Part 6 - Maximum and minimum values
Introduction
In this part we’ll cover how we find maximum and minimum values for a function, we’ll also see how this is related to the 2nd derivative.
Maximum and minimum values
Let’s first recall how we define maximum and minimum values for functions of one variable.
Definition
For maximum:
A function of one variable has local maximum at $a$, if $f(a) \geq f(x)$ when $x$ is near $a$.
For minimum: A function of one variable has local minimum at $a$, if $f(a) \leq f(x)$ when $x$ is near $a$.
Similarly, for two variables: A function of two variables has local maximum at $(a, b)$ if $f(a, b) \geq f(x, y)$ when $(x, y)$ is near $(a, b)$.
A function of two variables has local minimum at $(a, b)$ if $f(a, b) \leq f(x, y)$ when $(x, y)$ is near $(a, b)$.
For absolute max/min, we define them as: If $f(a, b) \geq f(x, y)$ for any $(x, y) \in D$, we have an absolute maximum.
If $f(a, b) \leq f(x, y)$ for any $(x, y) \in D$, we have an absolute minimum.
How do we find these minimums and maximums?
How to find min/max
Let’s recall for functions of one variable, min/max points have derivate of zero, therefore: $$ f’(a) = 0 \ | \ f’(a) \ \exists $$
For two variables, this is the same: If a function of two variables has local min/max at $(a, b)$, then $f_x(a, b) = 0$ and $f_y(a, b) = 0$ given that $f_x(a, b)$ and $f_y(a, b)$ exists.
Proof
Let $(a, b)$ be a point of local maximum and $f_x(a, b)$ and $f_y(a, b)$ exists. $f(a, b) \geq f(x, y)$ when $(x, y)$ near $(a, b)$.
In particular, take y = b: $$ f(a, b) = f(x, b) \ | \ x \text{ near } a $$
Let $g(x) = f(x, b)$, this means: $$ g(a) = f(a, b) $$
We can say that $a$ is a point of local maximum: $$ g’(a) = 0 $$
Which is just the same as: $$ f_x(a, b) = 0 $$
Similarly, for $f_y(a, b) = 0$, we just choose to fix $x = a$ instead.
Geometrical sense
In functions of one variable, at points of local min/max, the tangent line is horizontal to our point, if the line exists.
For functions of two variables, instead of a line, we have a plane.

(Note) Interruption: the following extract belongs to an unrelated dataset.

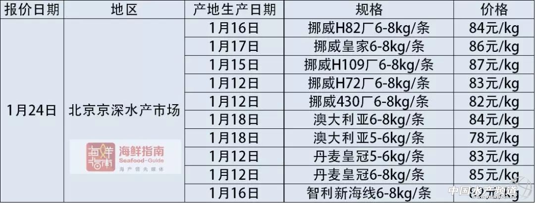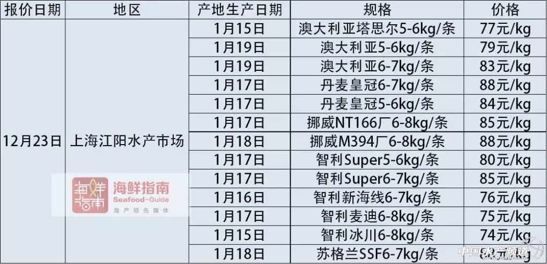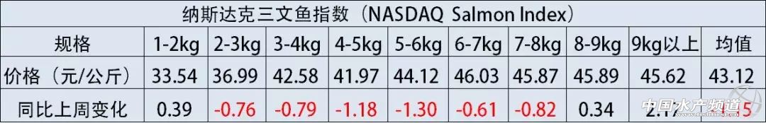 中國水產(chǎn)頻道獨家報道, 文/圖海鮮指南(seafood-guide)陳磊 納斯達克三文魚指數(shù) 注:納斯達克三文魚指數(shù)是挪威地區(qū)優(yōu)質(zhì)等級,帶頭去臟的冰鮮大西洋鮭出口價格指數(shù),此價格在一定程度上可以代表挪威當?shù)卮笪餮篚q的出口價格,是世界范圍內(nèi)公認的挪威大西洋鮭價格指數(shù)之一。匯率按2018年1月24日計算,1挪威克朗兌換0.8200人民幣。 本周(1月18日-1月24日),根據(jù)納斯達克三文魚指數(shù)顯示,挪威冰鮮三文魚各規(guī)格的原料均價下降了1.15元/公斤,上周均價已經(jīng)下降1.27元/公斤,這已經(jīng)是連續(xù)兩周均價有較大幅度的下跌。國內(nèi)常見規(guī)格5-6kg/條和6-7kg/條的大西洋鮭分別出現(xiàn)1.30元/公斤和0.61元/公斤的降幅,目前的價格分別為:44.12元/公斤和46.03元/公斤。1-2kg、8-9kg和9kg以上規(guī)格的價格有輕微漲幅。 國內(nèi)主要海產(chǎn)市場大西洋鮭(三文魚)批發(fā)銷售價格 2018年1月24日: 2018年1月23日: 注明:以上價格為各地水產(chǎn)市場冰鮮三文魚(大西洋鮭)的市場批發(fā)銷售價格,非零售價格。產(chǎn)地生產(chǎn)日期表示:大西洋鮭從養(yǎng)殖場捕撈并加工完成的日期。大西洋鮭品牌中英文注釋:“澳大利亞休恩”即為:Huon;“澳大利亞塔斯爾”即為:Tassal;“智利新海線”即為:New World Currents;“智利麥迪”即為:Multierport Foods;“丹麥皇冠”即為:Bakkafrost;“SSF蘇格蘭”即為:Scottish Sea Farms;“挪威耕海”即為:Marine Harvest。 【關(guān)鍵字】:水產(chǎn)養(yǎng)殖 |

The tangent plane is horizontal to our point, if the plane exists.
Definition
Let’s properly define what we’ve covered so far:
$(a, b)$ is a critical point if $\nabla f(a, b) = 0 \textbf{ or } \nabla f(a, b) \ \nexists$
In other words, if $(a, b)$ is a critical point of local minimum/maximum then it is a critical point.
However, the other way around this implication is not true. A critical point might not be a local minimum/maxium.
Example
Find the critical point(s) for the function: $$ f(x, y) = x^2 + y^2 - 2x - 6y + 14 $$
Let’s use our definition: $$ \nabla f = 0 \newline \langle 2x - 2, 2y - 6 \rangle = 0 $$
We find that $x = 1$ and $y = 3$. This means $(1, 3)$ is a critical point (and the only one!).
But how do we actually know if a critical point is a local minimum or maximum?
2nd derivate test
For functions of one variable, if we do the 2nd derivate test:
Suppose $a$ is a point and $f’’(a)$ exists, then: $$ f’’(a) > 0 \ | \ \text{local min} \newline f’’(a) < 0 \ | \ \text{local max} \newline f’’(a) = 0 \ | \ \text{does not say anything} $$
Let’s see what we can do in functions of two variables.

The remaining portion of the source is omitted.